# What is required
Leaving out the pictures, output the lines from the one that contains "นายชยาวุธ จันทร ผู้ว่าราชการจังหวัดราชบุรี" through the end of the material, exactly as they stand.
Source data: Begin
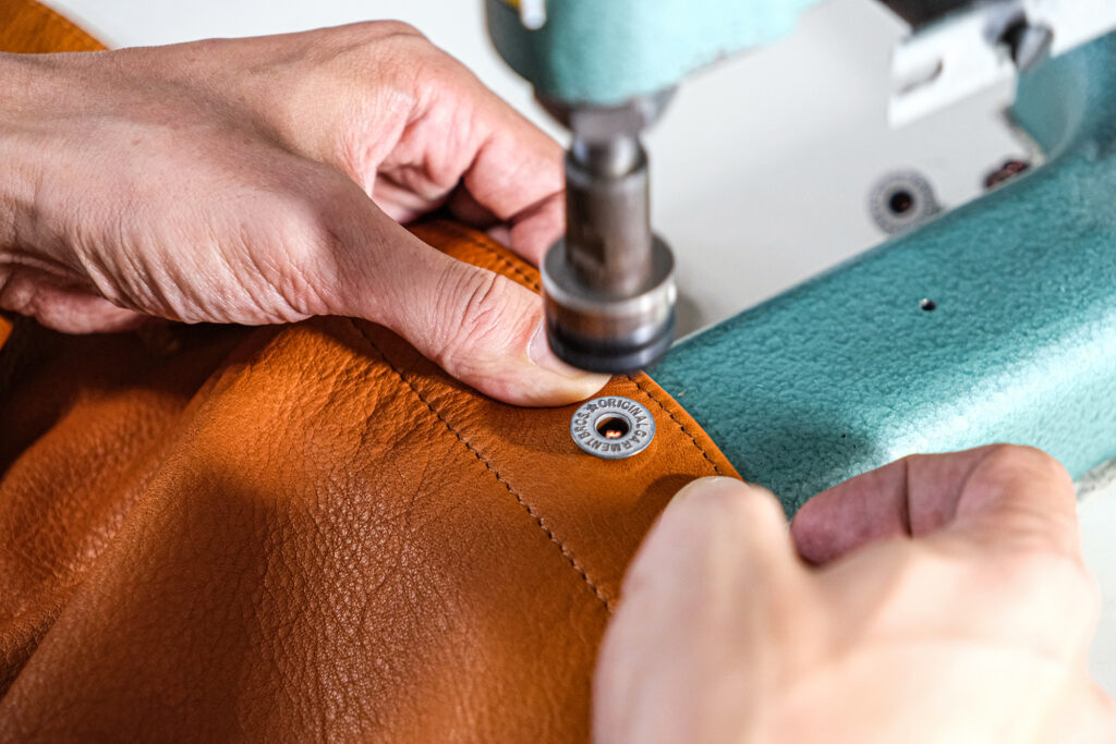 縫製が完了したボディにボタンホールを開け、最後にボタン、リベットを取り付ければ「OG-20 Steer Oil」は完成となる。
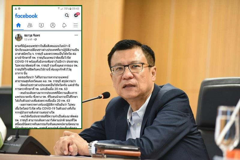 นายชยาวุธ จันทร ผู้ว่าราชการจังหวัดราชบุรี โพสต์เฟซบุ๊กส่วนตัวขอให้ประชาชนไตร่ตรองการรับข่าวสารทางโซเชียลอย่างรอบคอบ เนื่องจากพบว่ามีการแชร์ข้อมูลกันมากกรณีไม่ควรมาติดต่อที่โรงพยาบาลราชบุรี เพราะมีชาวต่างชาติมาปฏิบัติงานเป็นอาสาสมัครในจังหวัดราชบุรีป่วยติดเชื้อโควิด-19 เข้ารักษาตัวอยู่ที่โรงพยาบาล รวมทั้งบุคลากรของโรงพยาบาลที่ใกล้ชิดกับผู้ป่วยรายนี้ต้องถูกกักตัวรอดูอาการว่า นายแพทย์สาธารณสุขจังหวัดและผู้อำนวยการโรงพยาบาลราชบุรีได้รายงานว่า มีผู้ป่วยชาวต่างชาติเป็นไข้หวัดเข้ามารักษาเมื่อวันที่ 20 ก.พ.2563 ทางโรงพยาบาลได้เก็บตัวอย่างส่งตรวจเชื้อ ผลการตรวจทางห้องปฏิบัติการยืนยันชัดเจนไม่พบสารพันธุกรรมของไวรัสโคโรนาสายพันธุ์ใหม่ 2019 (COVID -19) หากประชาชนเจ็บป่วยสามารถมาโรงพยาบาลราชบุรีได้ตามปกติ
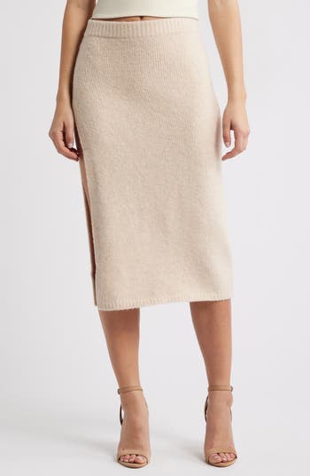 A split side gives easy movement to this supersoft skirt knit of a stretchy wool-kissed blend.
Source data: End
# Written answer
 นายชยาวุธ จันทร ผู้ว่าราชการจังหวัดราชบุรี โพสต์เฟซบุ๊กส่วนตัวขอให้ประชาชนไตร่ตรองการรับข่าวสารทางโซเชียลอย่างรอบคอบ เนื่องจากพบว่ามีการแชร์ข้อมูลกันมากกรณีไม่ควรมาติดต่อที่โรงพยาบาลราชบุรี เพราะมีชาวต่างชาติมาปฏิบัติงานเป็นอาสาสมัครในจังหวัดราชบุรีป่วยติดเชื้อโควิด-19 เข้ารักษาตัวอยู่ที่โรงพยาบาล รวมทั้งบุคลากรของโรงพยาบาลที่ใกล้ชิดกับผู้ป่วยรายนี้ต้องถูกกักตัวรอดูอาการว่า นายแพทย์สาธารณสุขจังหวัดและผู้อำนวยการโรงพยาบาลราชบุรีได้รายงานว่า มีผู้ป่วยชาวต่างชาติเป็นไข้หวัดเข้ามารักษาเมื่อวันที่ 20 ก.พ.2563 ทางโรงพยาบาลได้เก็บตัวอย่างส่งตรวจเชื้อ ผลการตรวจทางห้องปฏิบัติการยืนยันชัดเจนไม่พบสารพันธุกรรมของไวรัสโคโรนาสายพันธุ์ใหม่ 2019 (COVID -19) หากประชาชนเจ็บป่วยสามารถมาโรงพยาบาลราชบุรีได้ตามปกติ
 A split side gives easy movement to this supersoft skirt knit of a stretchy wool-kissed blend.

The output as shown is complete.